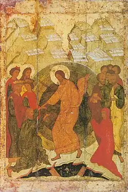 La Résurrection de Jésus, icône russe, fin du XVe siècle, galerie Tretiakov.
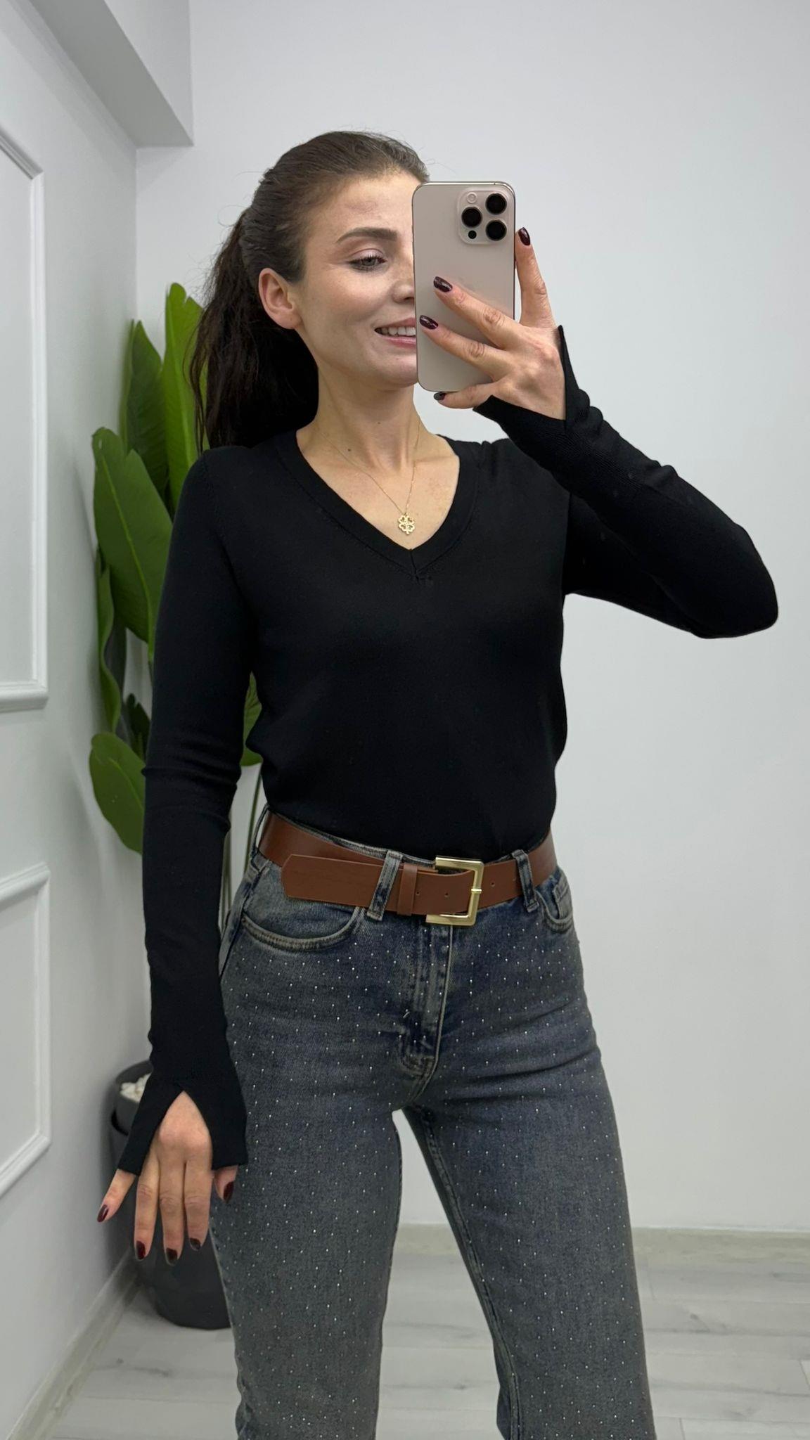 DİLVİN V YAKA KOLU YIRTMAÇLI TRİKO KAZAK
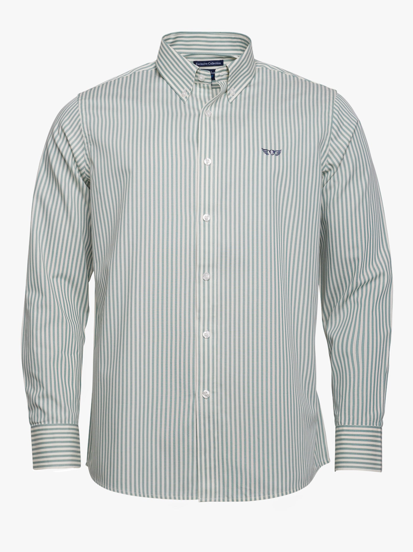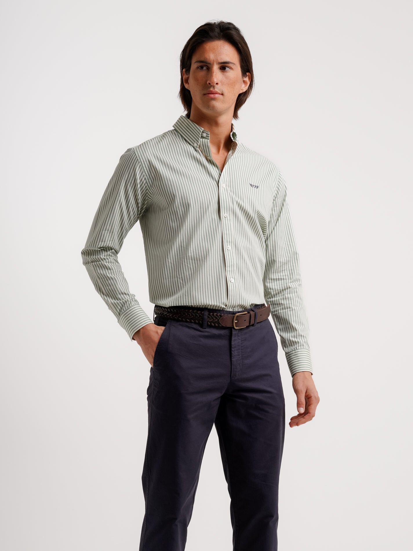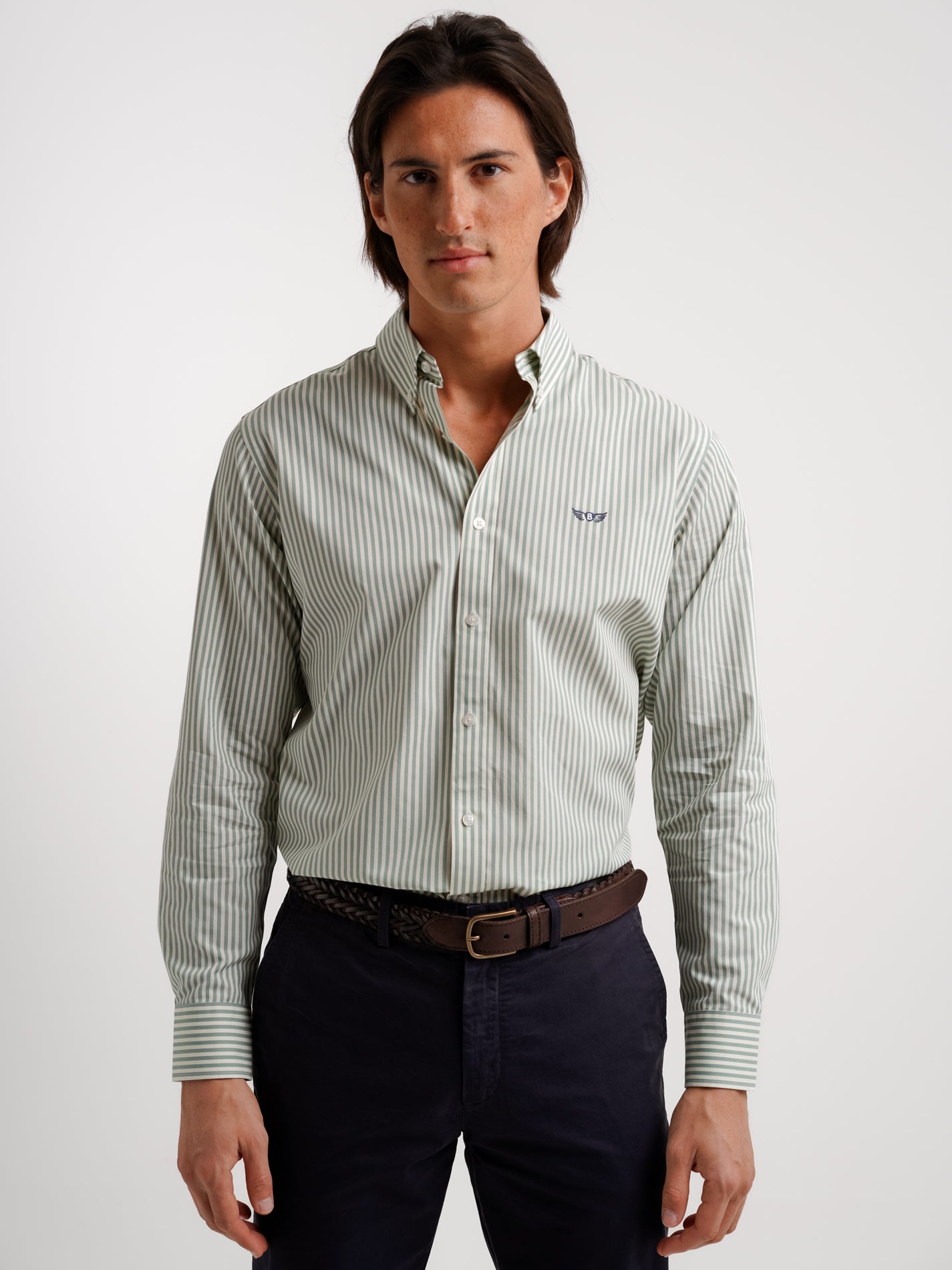 Camisa Regular Fit Twill Verde Algodão Riscas Com logo

- _TASK DETAILS_:
Reproduce the final stretch of lines exactly: the line containing "DİLVİN V YAKA KOLU YIRTMAÇLI TRİKO KAZAK" through the last line of the data, both included. Pictures do not belong in the copy.

- _WRITTEN RESPONSE_:
 DİLVİN V YAKA KOLU YIRTMAÇLI TRİKO KAZAK
 Camisa Regular Fit Twill Verde Algodão Riscas Com logo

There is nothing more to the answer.